H: "Yeah! With soft edges so it doesn't hurt your nose! ...What's a back-up plan?" (patent pending, so don't be trying to steal their idea, OK?)
#3. Yep. Big termite mounds here. Discussed the future of human architecture and energy efficiency with boys. Eyes glazing over and were utterly incredulous that people have anything to learn from insects and 'nature'...Not anymore.
#4. Climbing up a steep rocky path on side if big cliff, wearing Crocs and carrying black umbrella, to this series of croc-free rock-pools at the top of Gunlom Falls, did not inspire confidence in the other hikers when they saw I was also responsible for two smallish boys. Swimming near the edge of the massive drop was perhaps a little unwise, but we all survived, and the view was awesome..

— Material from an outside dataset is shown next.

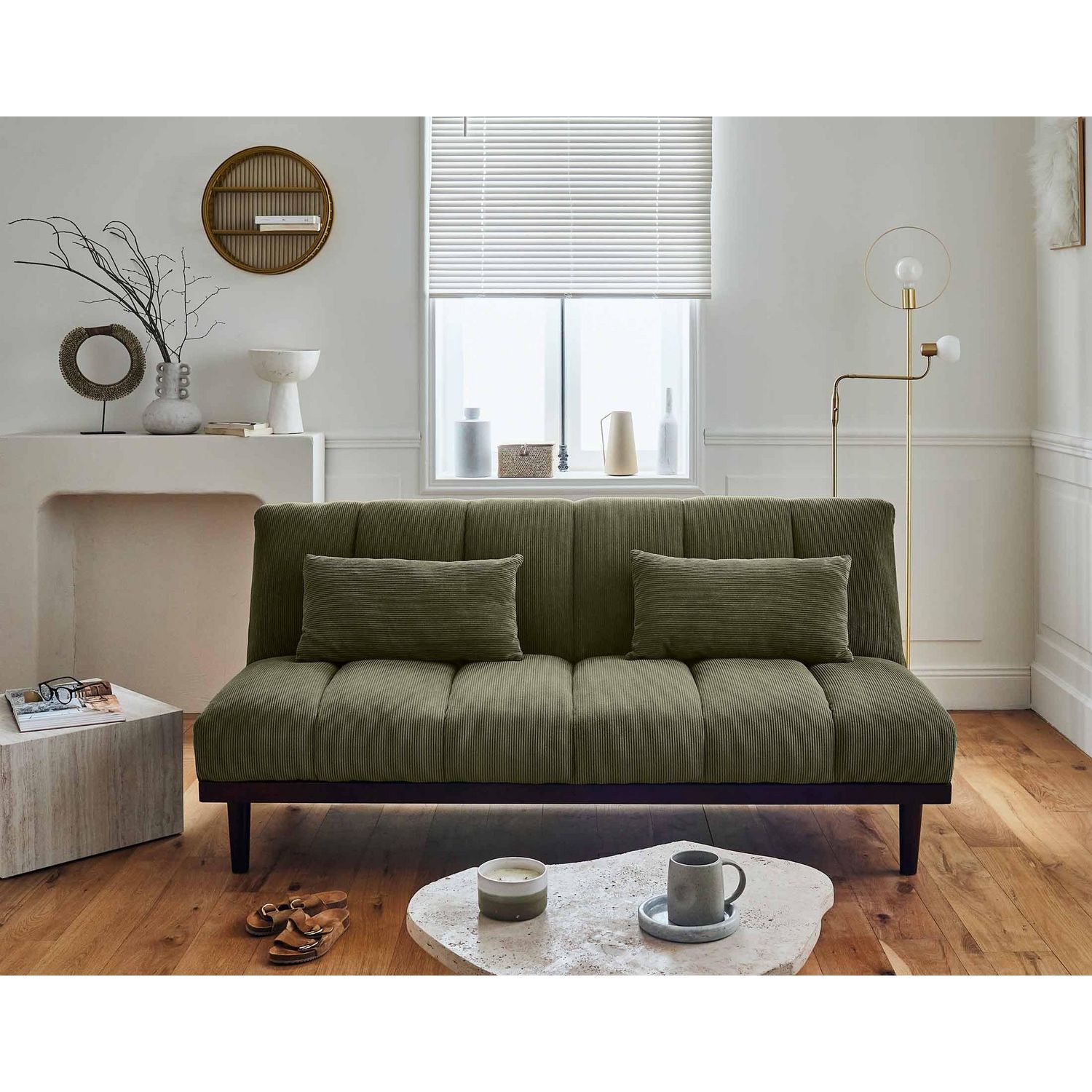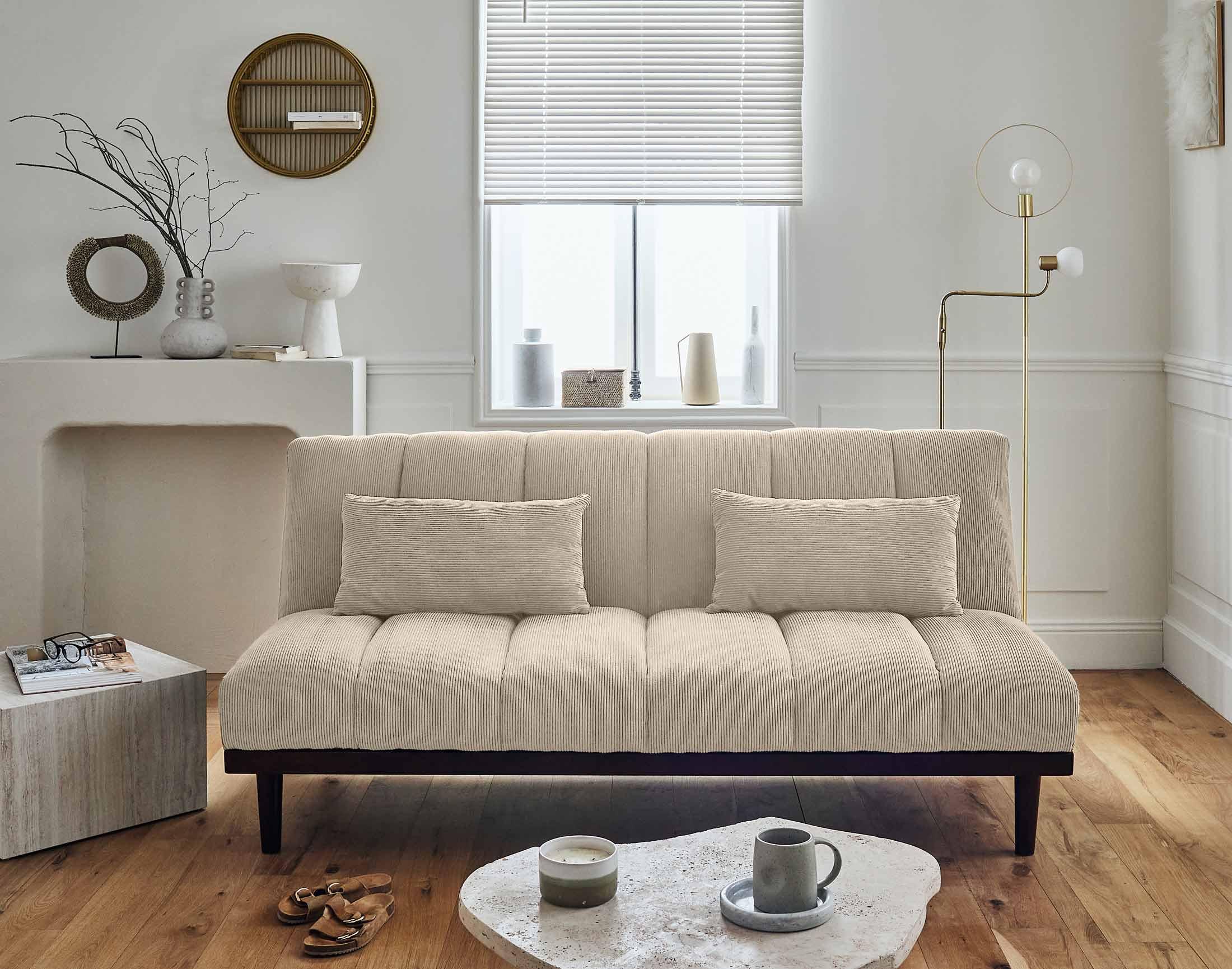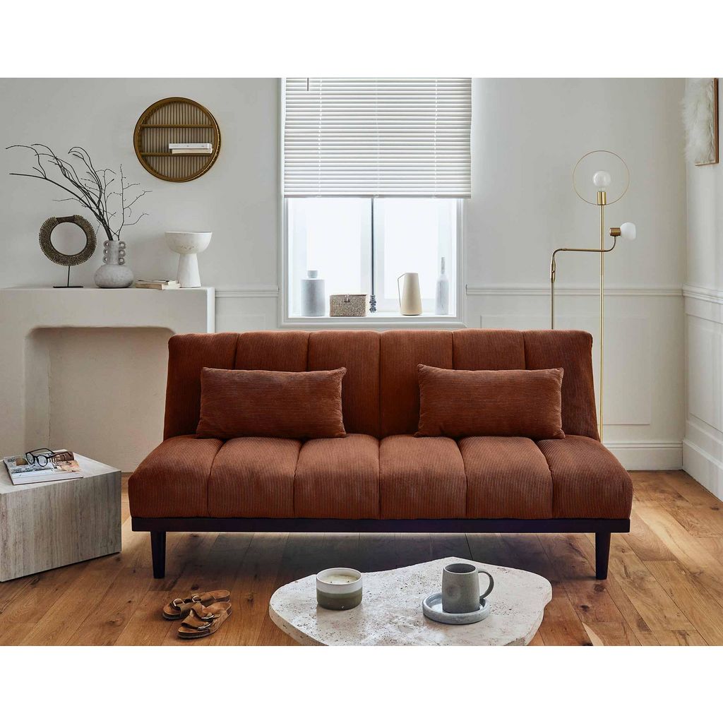 Présentation de la collection : Craquez pour le look chaleureux du canapé clic-clac Samarra en velours côtelé et aux pieds en bois. Idéal pour optimiser votre espace, cette banquette-lit se transforme en un couchage d'appoint rapidement.

#5. The Hotel Pool. Spent many hours here too. In Kakadu, swimming is like eating. It needs to be done at least 3 times a day to avoid getting grumpy and distracted.
#6. At Maguk Falls, Will and Hamish are under the impression their life vests are croc-proof. We all swim the 100 metres or so to the falls quietly humming the Jaws theme. In fact, it has inspired a new game called the "der-nernt-er". A type of tag game where the chaser sings the Jaws theme. I'm sure everyone has a different way of spelling the sounds. But hopefully you know what I mean.
#8. Another loop track at Nourlangie Rock. Each of us could be heard shouting across the land.."why do the flies love ME so much?"
The boys were particularly intrigued with the painting of the Lightning Man who strikes law-breakers over the head with yams (sweet potatoes)...
Photos omitted include the one at Cahill's crossing - two large Salt water crocs hanging out just under the surface of murky water. You wouldn't believe me if you saw the 'logs'. And shots of our campsite - there hasn't been one since Katherine's leaky tent, and if you want to see interiors of hotel rooms you can look at Wotif.com like we did.